The first stop wasn’t the big house. Felecia considered everything carefully as she laid on her straw mattress and considered sweet oblivion.
The night was cold and threatening rain, the air was brisk and breezy and already dropping sheets of mist. The louts in the village would be inside their shacks or tucked under their tiny tin and tar paper porches. Most wouldn’t even bother with a lantern light since they all stopped gathering for their drunken conferences at night.
Felecia stalked up to the village outskirts and waited for the night to grow colder and cloudier until the rain began falling in its steady autumn sheets. There were ten of them by now, some girls, some women, all slightly slimy unfortunates left to wither and change color like strange leaves dangling from the hanging tree.
Felecia let the bodies fall as she cut them down, one by one. She took her time and waited to see if any of the drunken louts dared to come out from under the safety of their little porches. None did. When she was finished cutting them down, she surveyed the ground around the hanging tree, its odd and sad fruit were splayed out on the ground waiting only to return to the earth in full. Custom spoke of burials but Felecia never understood the point in all that. Giving them to the sea sounded better but each body would require dragging individually to the pebble beach some fifty yards away past and through the stacked village squalor. Even if she managed to drag all her new sisters down to the cold waters edge, what then? The tide at the south of the island was where things came to rest, not to wash away. The poor unfortunates would just grind up against the smooth ocean rocks until they stopped looking like people at all.
Ten strange and awful victims, sisters down to the last and all Felecia wanted to do as she looked around was to lay down and join them in their rest. None of them should have been dead and Felecia felt she probably should have died just as many times over by then. If only she could have laid down and let them all go back to their lives, fresh and new as though their husbands, brothers, and fathers, hadn’t murdered them simply for the unfortunate convenience of their sex.
If there was a next day, a big if, she wanted to come back to the village and make every single lout pay for their hubris and their superstitious stupidity. A life she would gladly lead with her stupid mask on, sneaking into their huts and scaring them right down to their rotten roots.

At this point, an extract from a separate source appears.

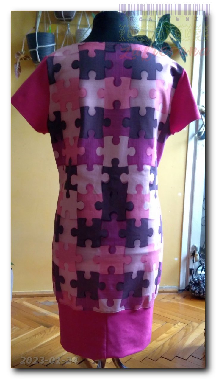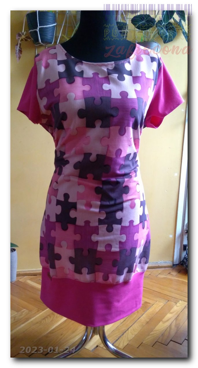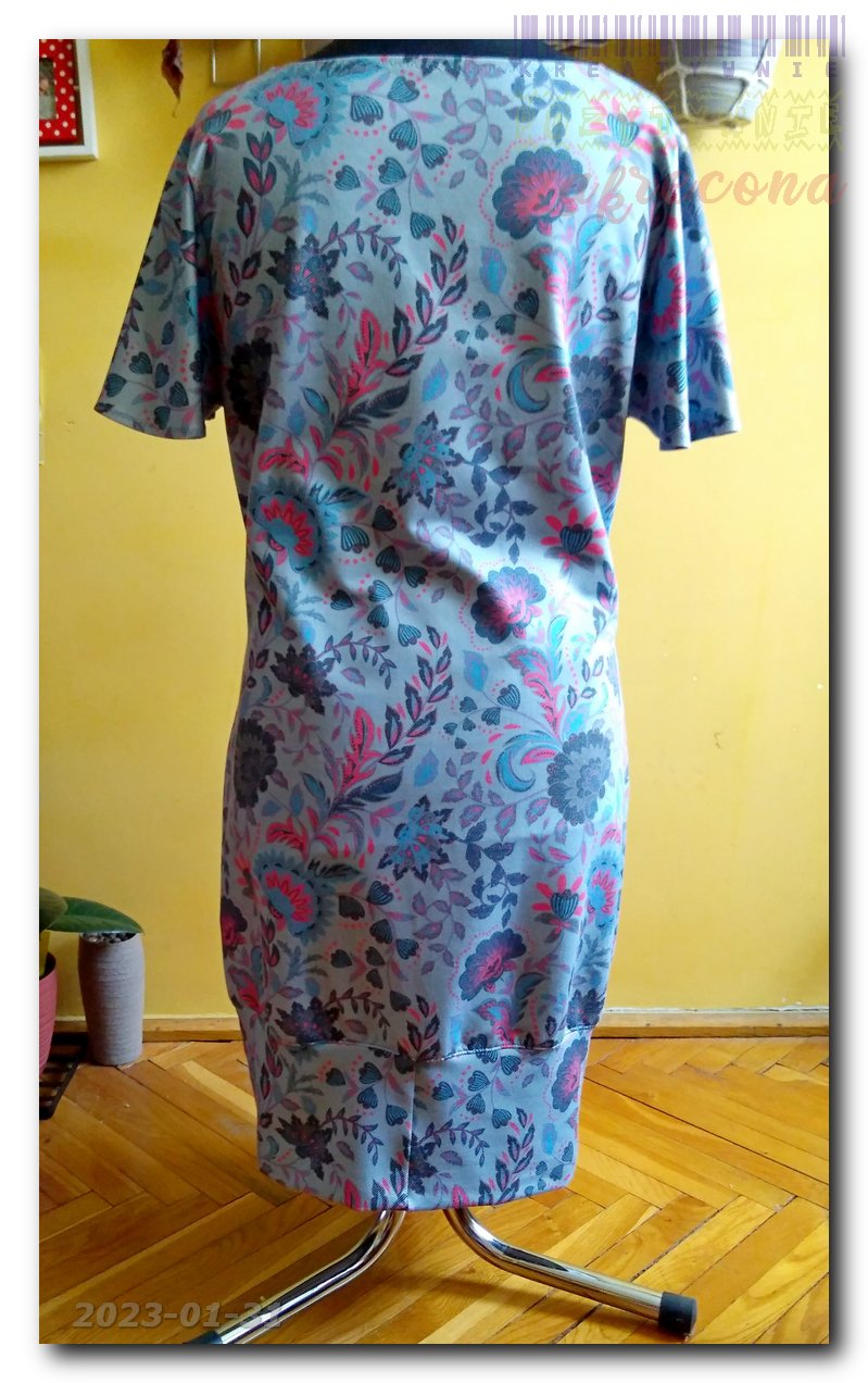 Sukienko-bluza w trzech kolorach (wersja z krótkim rękawem) w kategorii: Na maszynie - ubrania jesienne i zimowe Tkanina: Dresówka drukowana i gładka Wersja z długim rękawem. MOJE INNE, FAJNE, RĘKODZIELNICZE ARCYDZIEŁA- UUU, OOO ... Fuksjowe koła Styczeń 2023

The bodies were left in their inglorious pile around the tree, Felecia took a moment to collect their nooses, promising to herself to leave one outside every hut belonging to a murder who deserved the same if she was ever able.
The rainy march up to Rotary house would be taken slowly, her new dire and sad arraignments collected up in a sack carried at her side save one. Felecia wore one of the nooses around her neck, one so recently worn by a young girl with a belly big enough to tell a sad tale. It wasn’t Emeh, but the girl was about the same age.
There were no family jewels left, no heirlooms to draw attention to the Conway neck, but that one would do well enough for what the night had left in store.